> EXERCISE MATERIALS:
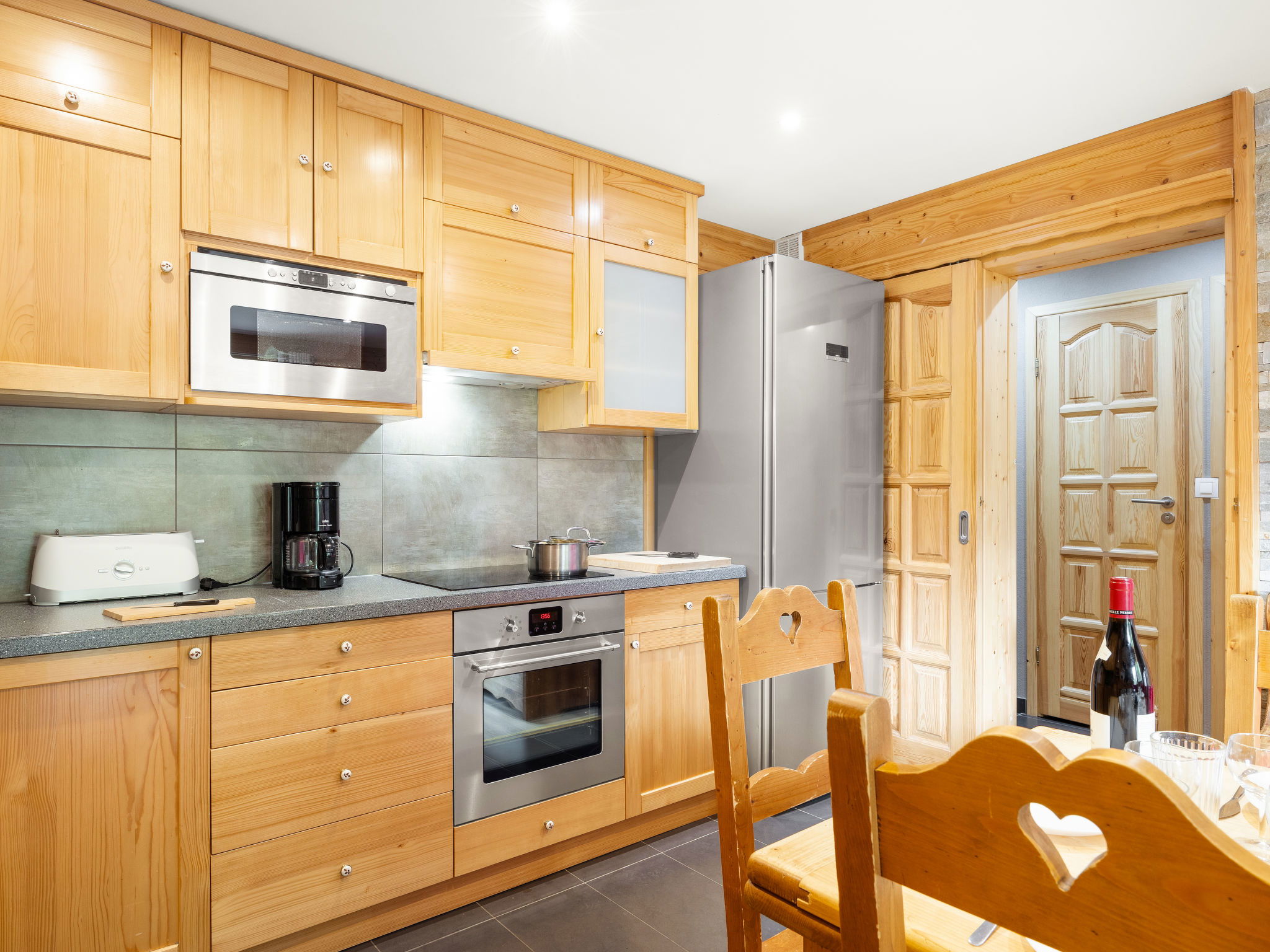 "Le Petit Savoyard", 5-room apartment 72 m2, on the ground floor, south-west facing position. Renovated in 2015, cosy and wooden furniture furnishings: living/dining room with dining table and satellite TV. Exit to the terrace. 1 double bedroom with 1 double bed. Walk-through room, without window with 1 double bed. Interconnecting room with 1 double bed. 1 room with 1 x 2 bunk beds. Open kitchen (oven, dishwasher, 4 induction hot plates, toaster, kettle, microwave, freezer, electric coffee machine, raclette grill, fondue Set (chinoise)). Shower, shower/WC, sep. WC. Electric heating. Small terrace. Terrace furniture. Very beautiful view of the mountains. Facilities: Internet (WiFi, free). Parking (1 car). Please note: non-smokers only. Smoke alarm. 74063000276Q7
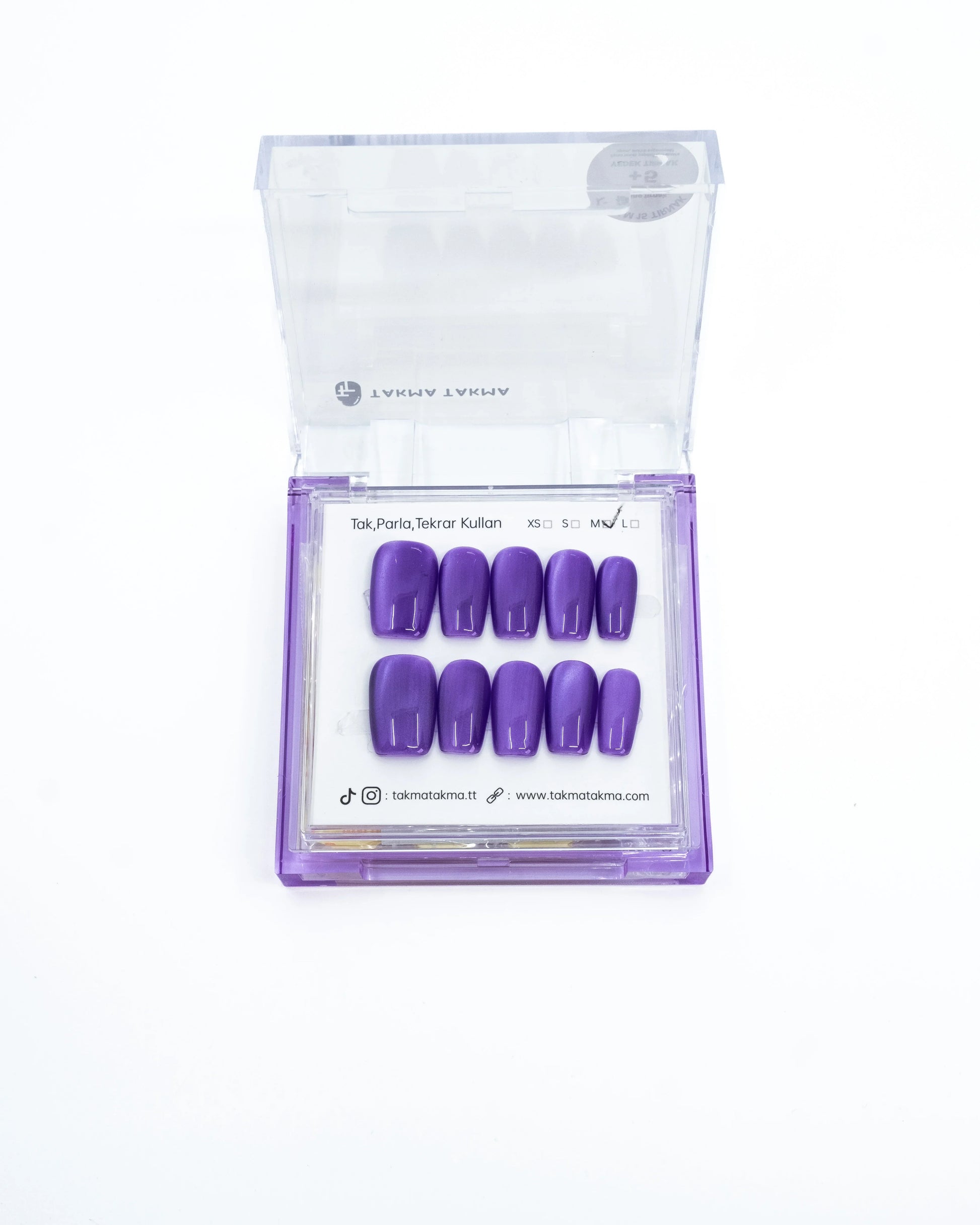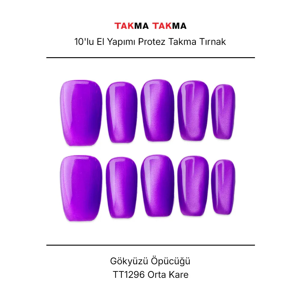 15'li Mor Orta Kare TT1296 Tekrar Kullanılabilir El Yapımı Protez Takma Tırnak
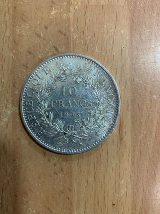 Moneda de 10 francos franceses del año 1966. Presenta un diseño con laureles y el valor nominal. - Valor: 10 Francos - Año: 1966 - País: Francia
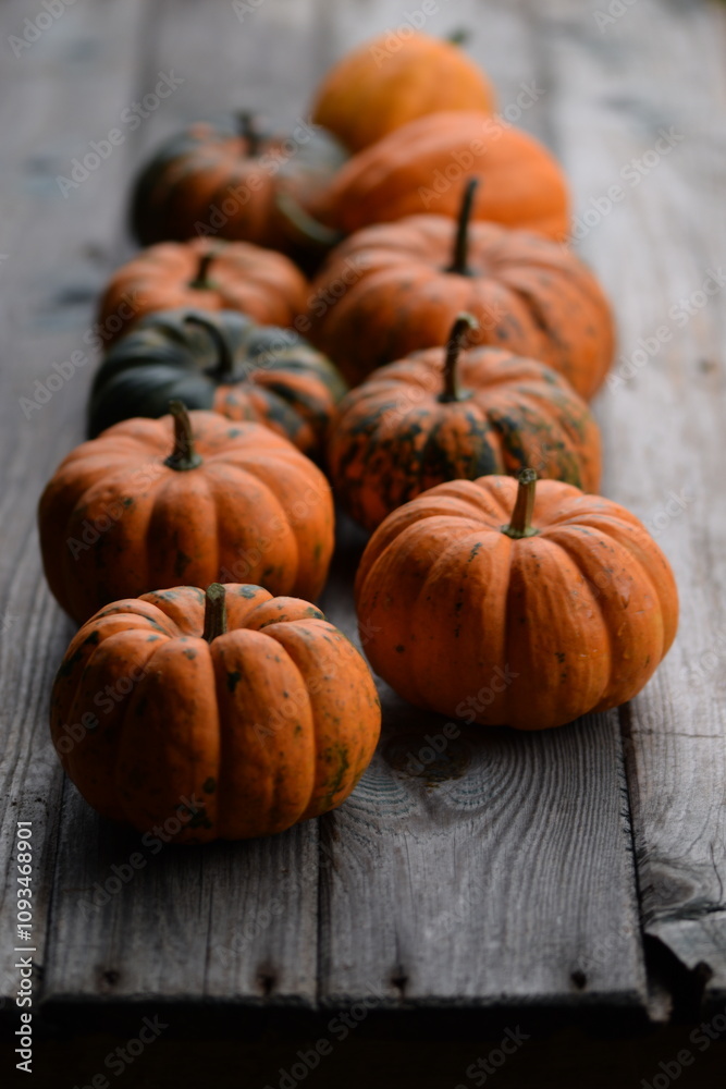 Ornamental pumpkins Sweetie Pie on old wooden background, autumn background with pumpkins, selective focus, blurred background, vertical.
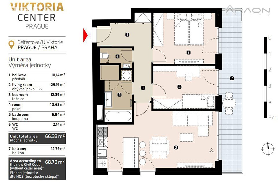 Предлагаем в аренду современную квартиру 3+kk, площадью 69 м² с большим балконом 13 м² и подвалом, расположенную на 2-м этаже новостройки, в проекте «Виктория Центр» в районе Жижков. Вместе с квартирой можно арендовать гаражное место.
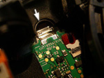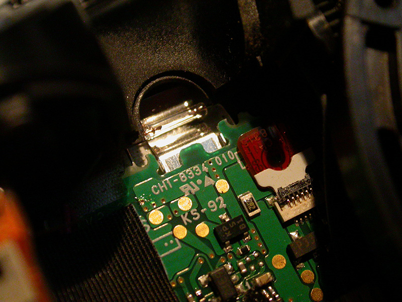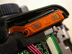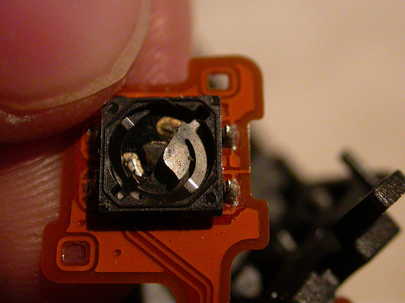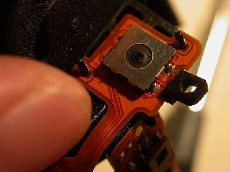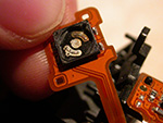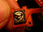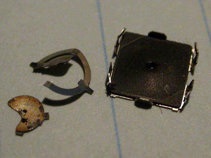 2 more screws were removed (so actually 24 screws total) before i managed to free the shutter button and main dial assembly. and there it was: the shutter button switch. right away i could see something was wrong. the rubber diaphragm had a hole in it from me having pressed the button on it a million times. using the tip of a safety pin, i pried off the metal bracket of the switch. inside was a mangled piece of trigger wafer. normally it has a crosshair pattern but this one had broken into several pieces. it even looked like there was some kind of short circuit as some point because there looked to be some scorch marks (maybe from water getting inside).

> EXERCISE GOAL: Find the line containing "Ornamental pumpkins Sweetie" and copy it and each line after it through the end of the material, exactly, with no pictures.

> FINISHED TASK:
 Ornamental pumpkins Sweetie Pie on old wooden background, autumn background with pumpkins, selective focus, blurred background, vertical.
 Предлагаем в аренду современную квартиру 3+kk, площадью 69 м² с большим балконом 13 м² и подвалом, расположенную на 2-м этаже новостройки, в проекте «Виктория Центр» в районе Жижков. Вместе с квартирой можно арендовать гаражное место.
 2 more screws were removed (so actually 24 screws total) before i managed to free the shutter button and main dial assembly. and there it was: the shutter button switch. right away i could see something was wrong. the rubber diaphragm had a hole in it from me having pressed the button on it a million times. using the tip of a safety pin, i pried off the metal bracket of the switch. inside was a mangled piece of trigger wafer. normally it has a crosshair pattern but this one had broken into several pieces. it even looked like there was some kind of short circuit as some point because there looked to be some scorch marks (maybe from water getting inside).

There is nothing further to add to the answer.